*** Block opens ***

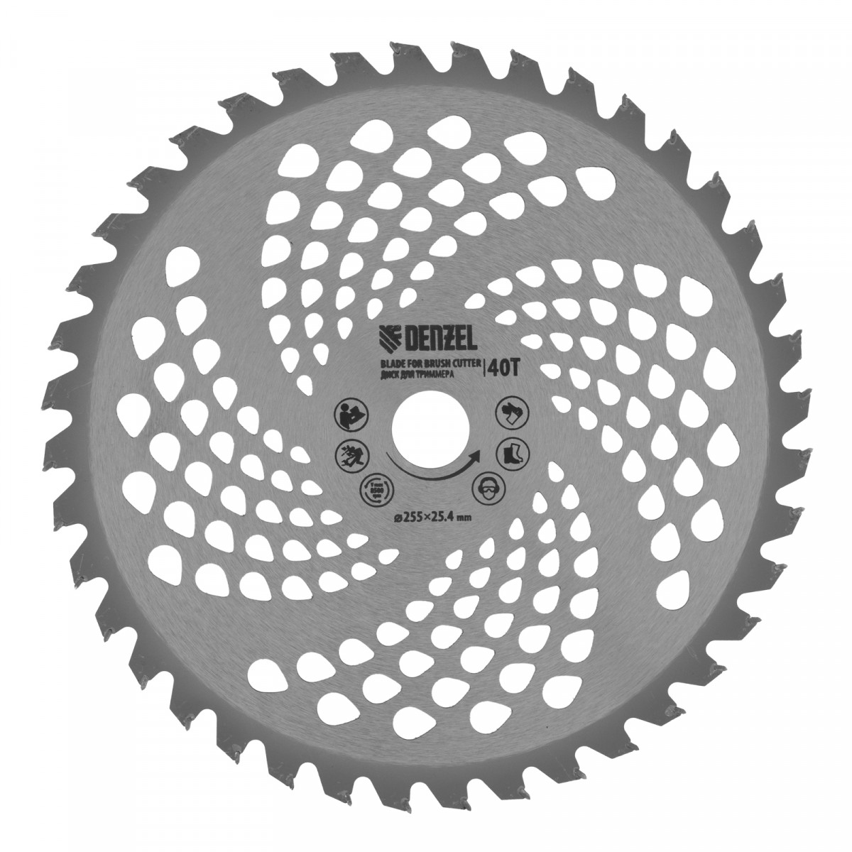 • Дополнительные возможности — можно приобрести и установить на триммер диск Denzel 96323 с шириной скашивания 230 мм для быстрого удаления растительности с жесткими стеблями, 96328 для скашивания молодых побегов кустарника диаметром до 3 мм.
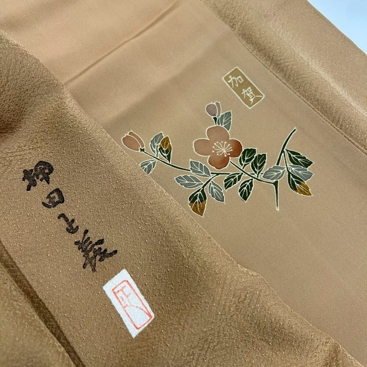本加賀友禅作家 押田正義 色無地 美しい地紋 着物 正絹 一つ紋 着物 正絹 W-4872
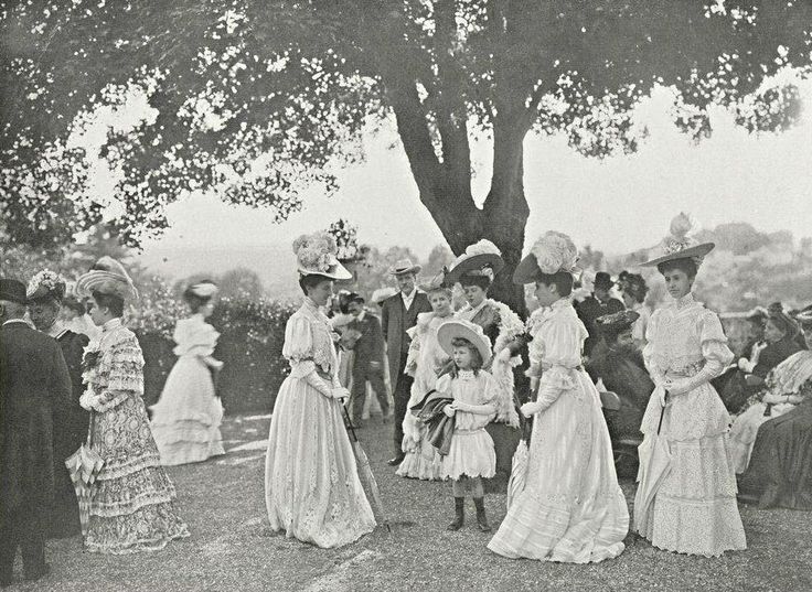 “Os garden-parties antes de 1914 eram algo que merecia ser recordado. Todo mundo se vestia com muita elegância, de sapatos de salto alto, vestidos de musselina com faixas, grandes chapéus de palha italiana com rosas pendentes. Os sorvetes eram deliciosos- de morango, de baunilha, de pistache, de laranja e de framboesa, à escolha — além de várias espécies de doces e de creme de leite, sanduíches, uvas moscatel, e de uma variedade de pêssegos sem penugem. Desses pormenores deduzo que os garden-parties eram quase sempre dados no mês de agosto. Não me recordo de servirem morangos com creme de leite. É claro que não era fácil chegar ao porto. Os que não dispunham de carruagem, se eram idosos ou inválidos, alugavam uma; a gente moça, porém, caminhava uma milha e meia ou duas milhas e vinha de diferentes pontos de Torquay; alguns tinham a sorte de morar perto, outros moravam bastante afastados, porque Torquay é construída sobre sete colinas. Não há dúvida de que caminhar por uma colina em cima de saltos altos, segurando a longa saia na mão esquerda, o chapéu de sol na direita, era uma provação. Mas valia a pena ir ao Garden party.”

*** Block closes ***
*** Block opens ***

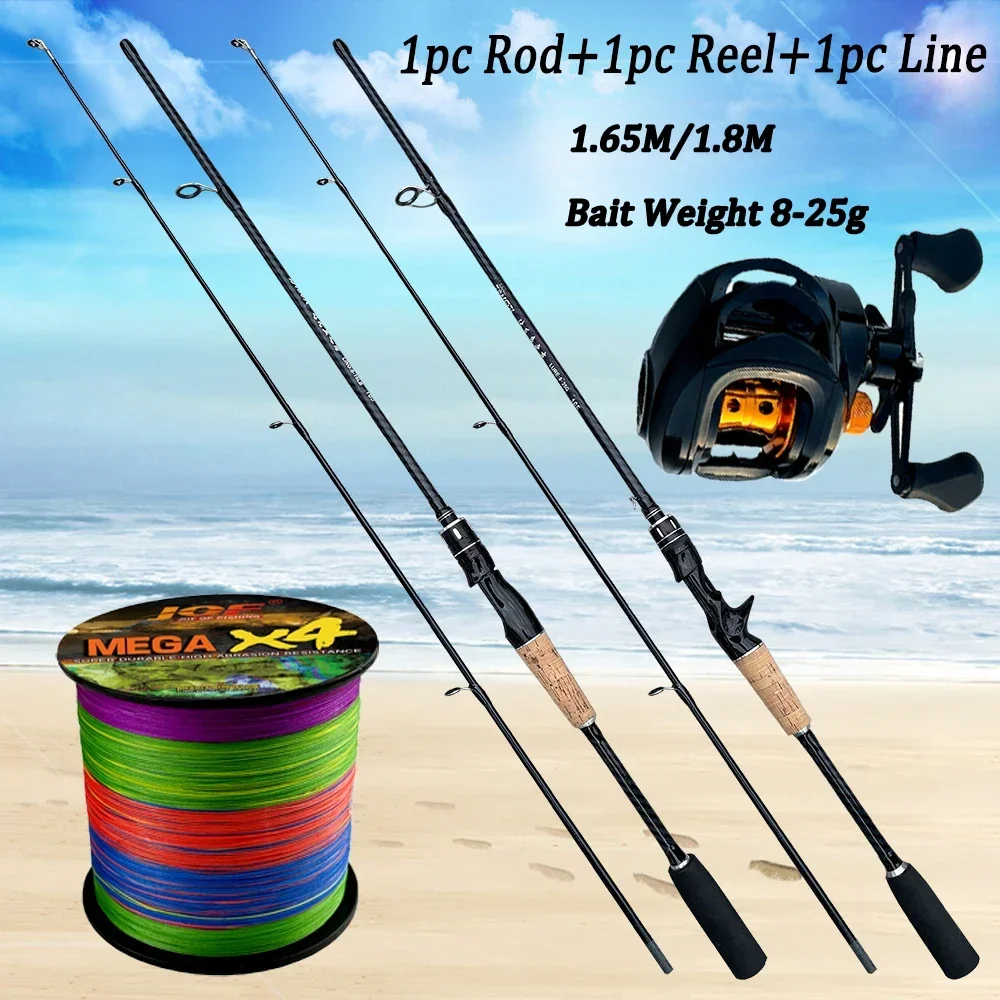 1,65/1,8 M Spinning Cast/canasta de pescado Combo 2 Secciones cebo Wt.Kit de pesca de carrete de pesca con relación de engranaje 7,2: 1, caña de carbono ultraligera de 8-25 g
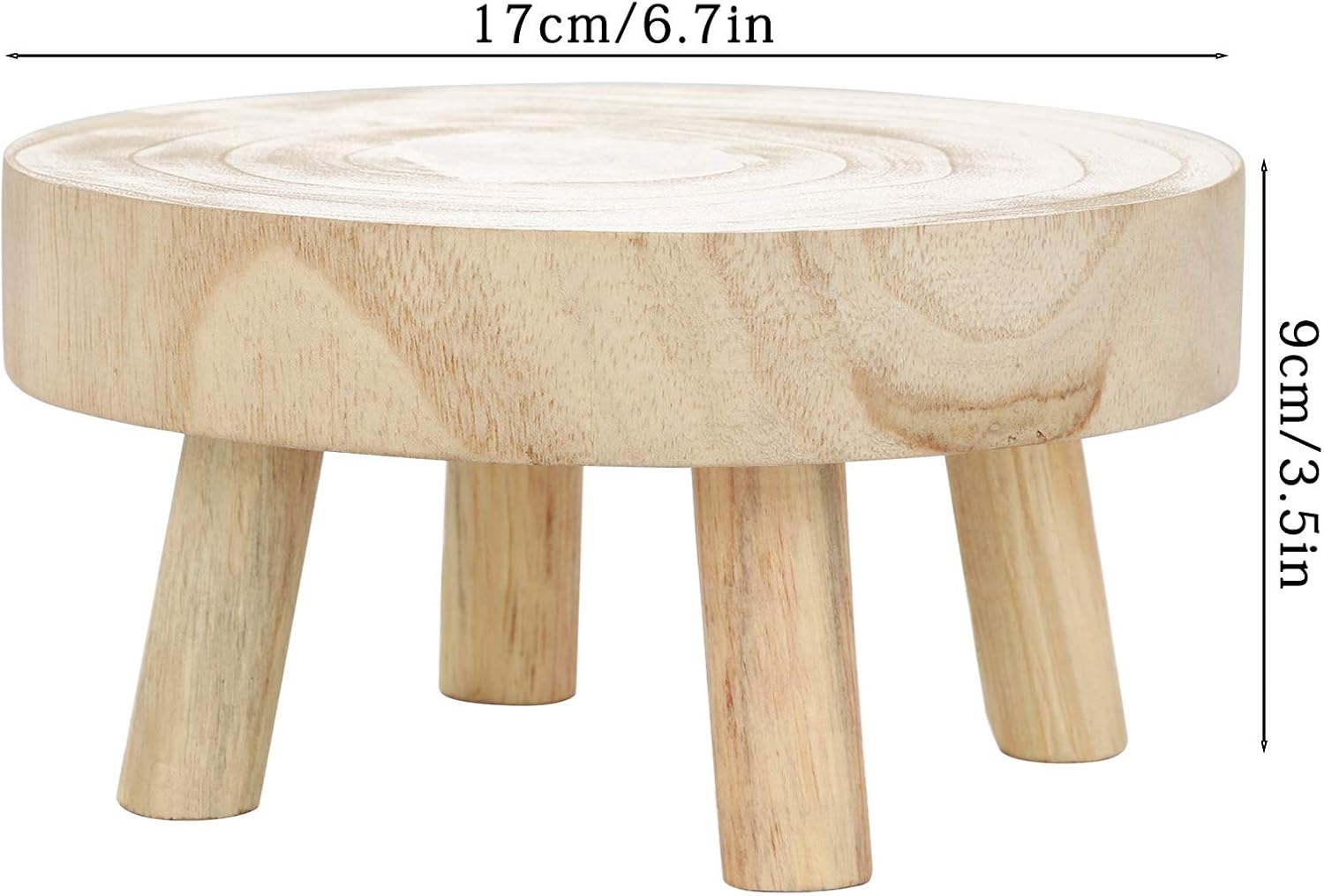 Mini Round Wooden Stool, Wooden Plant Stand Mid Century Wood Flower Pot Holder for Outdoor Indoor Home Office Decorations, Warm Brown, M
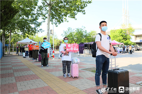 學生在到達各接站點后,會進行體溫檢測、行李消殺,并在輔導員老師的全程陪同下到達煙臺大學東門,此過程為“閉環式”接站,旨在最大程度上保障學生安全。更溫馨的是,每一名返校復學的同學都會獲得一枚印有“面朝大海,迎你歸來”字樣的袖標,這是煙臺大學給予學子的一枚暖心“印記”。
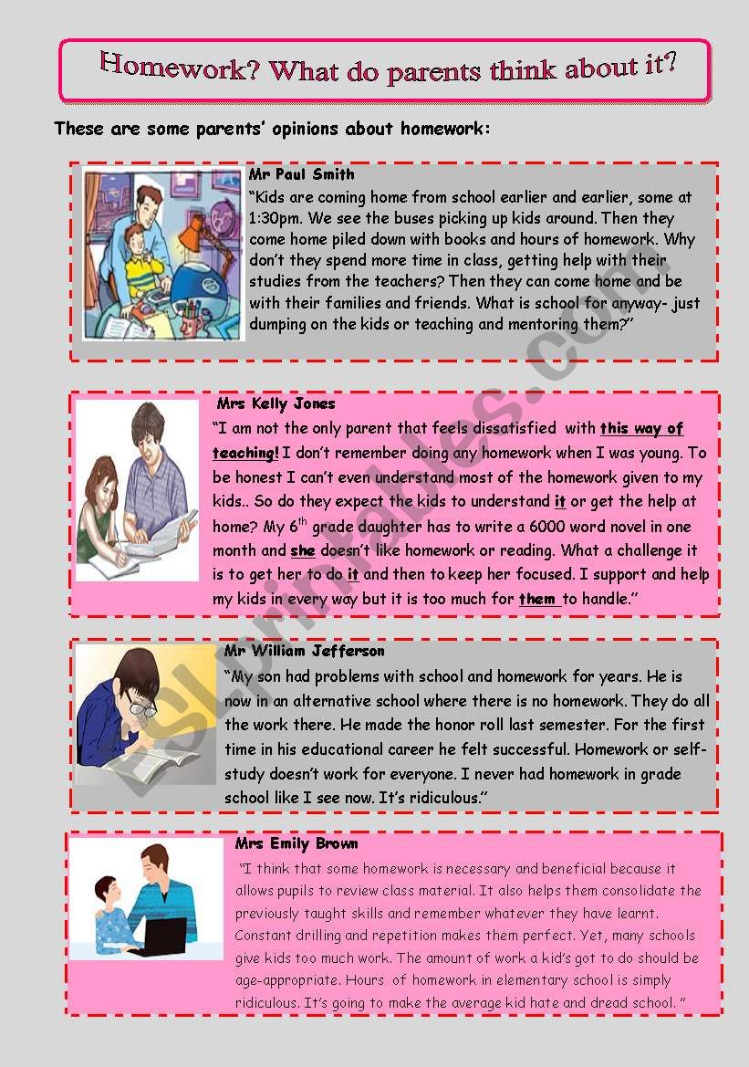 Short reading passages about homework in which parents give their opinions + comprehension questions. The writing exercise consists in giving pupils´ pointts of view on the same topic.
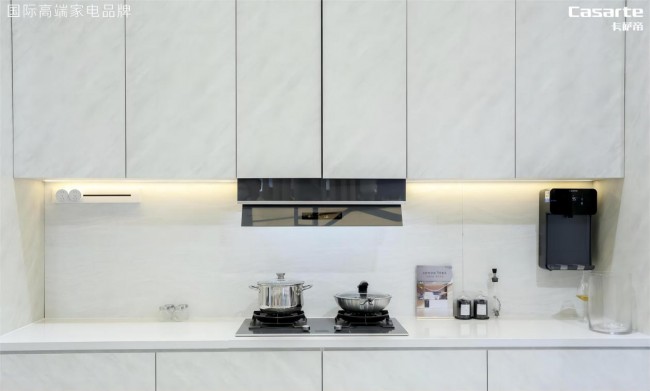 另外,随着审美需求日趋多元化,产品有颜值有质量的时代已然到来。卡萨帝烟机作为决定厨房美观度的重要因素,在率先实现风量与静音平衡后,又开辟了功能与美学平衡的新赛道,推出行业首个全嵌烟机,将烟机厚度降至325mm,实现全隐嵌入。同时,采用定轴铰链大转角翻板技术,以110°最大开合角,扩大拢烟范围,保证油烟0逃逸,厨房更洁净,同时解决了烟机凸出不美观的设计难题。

*** Block closes ***
*** Block opens ***

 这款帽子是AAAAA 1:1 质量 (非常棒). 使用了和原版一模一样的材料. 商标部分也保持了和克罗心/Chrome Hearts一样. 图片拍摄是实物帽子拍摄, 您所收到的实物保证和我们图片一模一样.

*** Block closes ***

Would you transcribe the lines above exactly, going from the line bearing "學生在到達各接站點后,會進行" through the line bearing "另外,随着审美需求日趋多元化", and drop the pictures from the copy?

 學生在到達各接站點后,會進行體溫檢測、行李消殺,并在輔導員老師的全程陪同下到達煙臺大學東門,此過程為“閉環式”接站,旨在最大程度上保障學生安全。更溫馨的是,每一名返校復學的同學都會獲得一枚印有“面朝大海,迎你歸來”字樣的袖標,這是煙臺大學給予學子的一枚暖心“印記”。
 Short reading passages about homework in which parents give their opinions + comprehension questions. The writing exercise consists in giving pupils´ pointts of view on the same topic.
 另外,随着审美需求日趋多元化,产品有颜值有质量的时代已然到来。卡萨帝烟机作为决定厨房美观度的重要因素,在率先实现风量与静音平衡后,又开辟了功能与美学平衡的新赛道,推出行业首个全嵌烟机,将烟机厚度降至325mm,实现全隐嵌入。同时,采用定轴铰链大转角翻板技术,以110°最大开合角,扩大拢烟范围,保证油烟0逃逸,厨房更洁净,同时解决了烟机凸出不美观的设计难题。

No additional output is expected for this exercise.